Maximum Likelihood Estimation :
Maximum likelihood estimation (MLE) is a statistical technique used to estimate the values of parameters in a given model. It is based on the idea that the observed data is most likely to have occurred under the model with the highest probability.
To understand MLE, let’s consider two examples.
Example 1: Estimating the success rate of a coin
Suppose we have a coin that we believe to be fair (i.e., the probability of obtaining heads and tails is equal). We want to estimate the success rate of this coin using MLE. To do this, we toss the coin 10 times and obtain the following results: HTHTHTHTHT.

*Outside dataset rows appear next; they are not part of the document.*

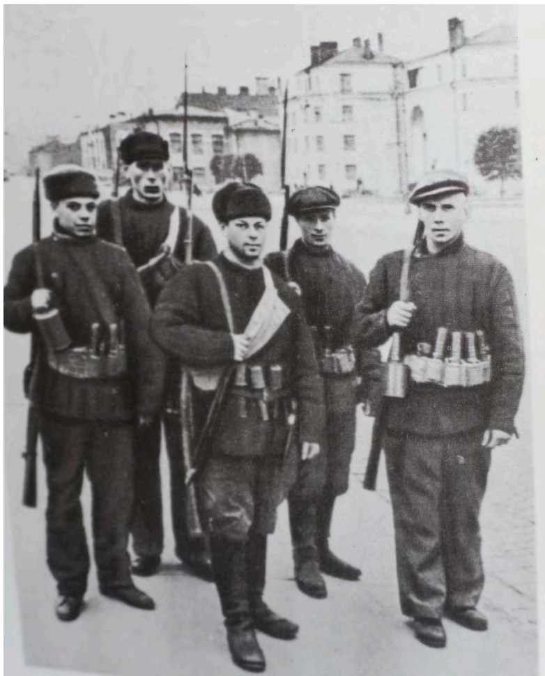
Народное ополчение – защитники Ленинграда в 1941 году.

шла из окружения. Остатки дивизии были сняты с позиций. В Ленинграде дивизия была пополнена не до комплекта, в том числе за счёт добровольцев, представителей интеллигенции Ленинграда, учёных. 18.10.1941 года 265 дивизия прибыла на берег реки Невы, в район посёлка Невская Дубровка. Затем она была переброшена на плацдарм. Участвовала в Синявинской операции 1941 года,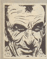
Us em Innerrhoder Witz- tröckli

Am Jakobitag het en Kapeziner bim Chrombergchapel prediged. Er het vo de Erschaffig vo de Mensche prichtet ond gsäat: «Gott schuf den Menschen aus einem Stück Lehm. Er formte ihn nach seinem Ebenbilde und legte ihn an einen Hag zum Trocknen!» Do het en Puur dezwüsched grüeft: «Ghöörst du, Pater, wee het zo sebe Zit denn scho ghaged?»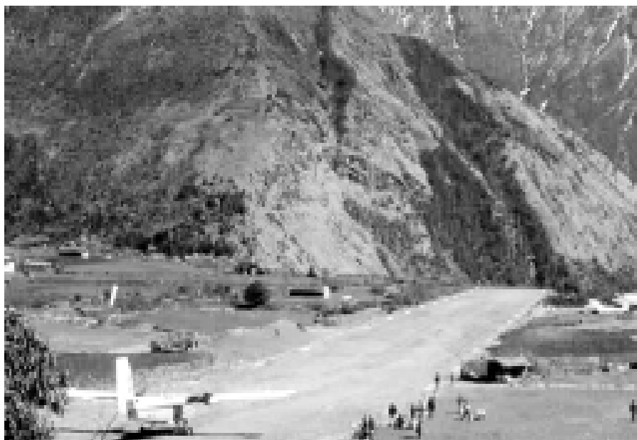
Посадочная площадка («Аэропорт») в селении Лукла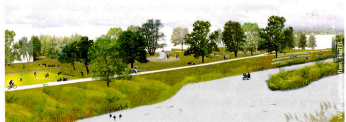
Auenlandschaft in Lörrach-Tumringen Paysage de zone alluviale à Lörrach-Tumringen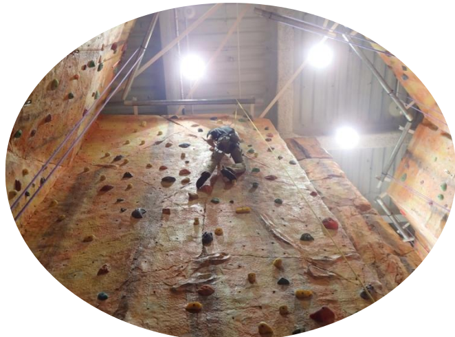
完登までもう少し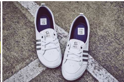
PIONA SG W (F98699) ¥5,300+税 (人工皮革)

サテンのライニングがフェミニンなフラットシューズ。シンセティックレザーのスリーストライプはさりげないリフレクターに。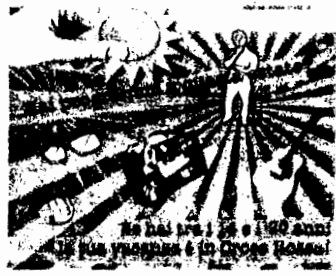
posti in regione sono due: il primo si

Al via le iscrizioni per l'edizione 2013 di «Campo giovani», il progetto, giunto alla quinta edizione, promosso dal Dipartimento della Gioventù e del Servizio Civile Nazionale in collaborazione con i Vigili del Fuoco, la Marina Militare, le Capitanerie di Porto e la Croce Rossa Italiana. Da giugno a settembre studenti e studenti residenti in Italia, di età compresa tra i 14 ed i 22 anni (20 anni per i campus estivi della Croce Rossa), potranno essere protagonisti per una settimana di iniziative in difesa dell'ambiente e in aiuto alla popolazione. Una settimana per appren-

The probability of obtaining this sequence of tosses (HTHTHTHTHT) under the assumption that the coin is fair is 1/1024 (i.e., the probability of obtaining heads in the first toss is 1/2, the probability of obtaining tails in the second toss is 1/2, and so on).
Now, suppose we want to estimate the success rate of this coin using MLE. To do this, we consider two models:
Model 1: The coin is fair (i.e., the probability of obtaining heads is 0.5).
Model 2: The coin is biased (i.e., the probability of obtaining heads is not 0.5).
For each model, we calculate the likelihood of obtaining the sequence HTHTHTHTHT. For Model 1, the likelihood is (1/2)^10 = 1/1024. For Model 2, the likelihood is (p)^8 * (1-p)^2, where p is the probability of obtaining heads.
Since the likelihood of Model 1 is higher than the likelihood of Model 2, we conclude that the coin is likely to be fair.
Example 2: Estimating the mean of a normal distribution
Suppose we have a population with a normal distribution with unknown mean and variance. We want to estimate the mean of this population using MLE. To do this, we sample 10 observations from the population and obtain the following values: 2, 3, 4, 5, 6, 7, 8, 9, 10, 11.
The probability of obtaining this sample under the assumption that the population has a normal distribution with mean 5.5 and variance 2.25 is 0.027.
Now, suppose we want to estimate the mean of this population using MLE. To do this, we consider two models:
Model 1: The population has a normal distribution with mean 5.5 and variance 2.25.
Model 2: The population has a normal distribution with mean 6.0 and variance 2.25.
For each model, we calculate the likelihood of obtaining the sample (2, 3, 4, 5, 6, 7, 8, 9, 10, 11). For Model 1, the likelihood is 0.027. For Model 2, the likelihood is 0.016.
Since the likelihood of Model 1 is higher than the likelihood of Model 2, we conclude that the population is likely to have a normal distribution with mean 5.5 and variance 2.25.
In summary, maximum likelihood estimation is a statistical technique used to estimate the values of parameters in a given model. It is based on the idea that the observed data is most likely to have occurred under the model with the highest probability. It is used in a variety of applications, including estimating the success rate of a coin and estimating the mean of a normal distribution.